If $G$ is a group, $|G|=8p^n$, for $n\ge 1$ and $p>7$, $p$-Sylow subgroup is cyclic.
Prove there is a subgroup with every order of $m$ that divides $|G|$.
I thought to prove that $G$ is Abelian and then it exists.
Here $p^n$ is a cyclic $p$-Sylow group so its Abelian.

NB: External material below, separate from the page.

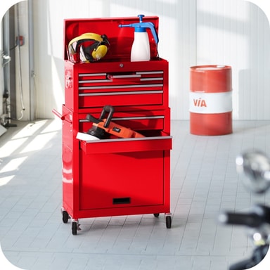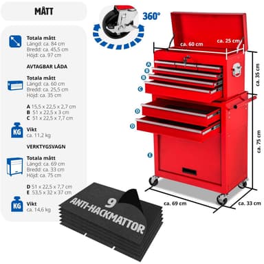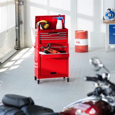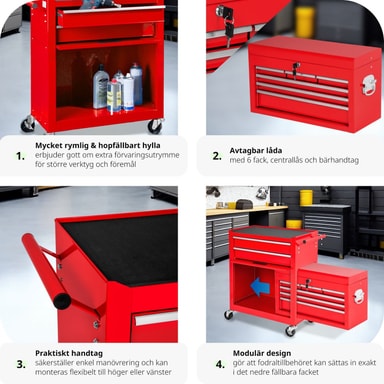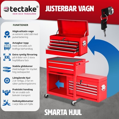 Denna verktygsvagn övertygar med det lilla extra - det löstagbara, fastsättningsbara och mobila överskåpet är raffinerat och praktiskt och fungerar bra som verktygslåda! Med denna verktygsvagn med överskåp har du allting nära till hands när du behöveLäs mer om produkten

My problem is to prove that $2$-Sylow group is Abelian.
On
All factors of $8p^n$ are of the form $2^kp^m$, $0 \leq k \leq 3$, $0 \leq m \leq n$. As known, a group of order $p^n$ has subgroup of order $p^m$, $0 \leq m \leq n$. So that handles the factors of form $2^k$, and $p^m$. Now, let $n_p$ denote the number Sylow-$p$ subgroups. Then, $n_p \mid 8$ and $n_p \equiv 1 \pmod{p}$. Since $p>7$, $p>8$. Thus, $n_p=1$, making it a normal subgroup. Since a cyclic group contains a unique subgroup of order dividing the order of the cyclic group, the subgroup of order $p^m$, $0 \leq m \leq n$ is unique in $G$, the original group, making it a normal subgroup as well. Let $P_m \leq G$ denote the subgroup of order $p^m$. So, $P_mH \leq G$ if $H \leq G$ because $P_m \triangleleft G$. To obtain a subgroup of order $2^kp^m$, let $H \leq G$ such that $|H|=2^k$ and $P_m \leq G$ such that $|P_m|=p^m$. Then $P_mH \leq G$ such that $|P_mH|=2^kp^m$ because $P_m \cap H \leq P_m, H$ so, $|P_m \cap H|=1 \implies |P_mH|=\frac{|P_m||H|}{|P_m \cap H|}=2^kp^m$.
Hint: prove that the Sylow $p$-subgroup is normal and use the fact that a cyclic group $P$ has exactly one subgroup for each order dividing $|P|$. And, of course every group of order $8$ has subgroups of order $1,2,4$ and $8$.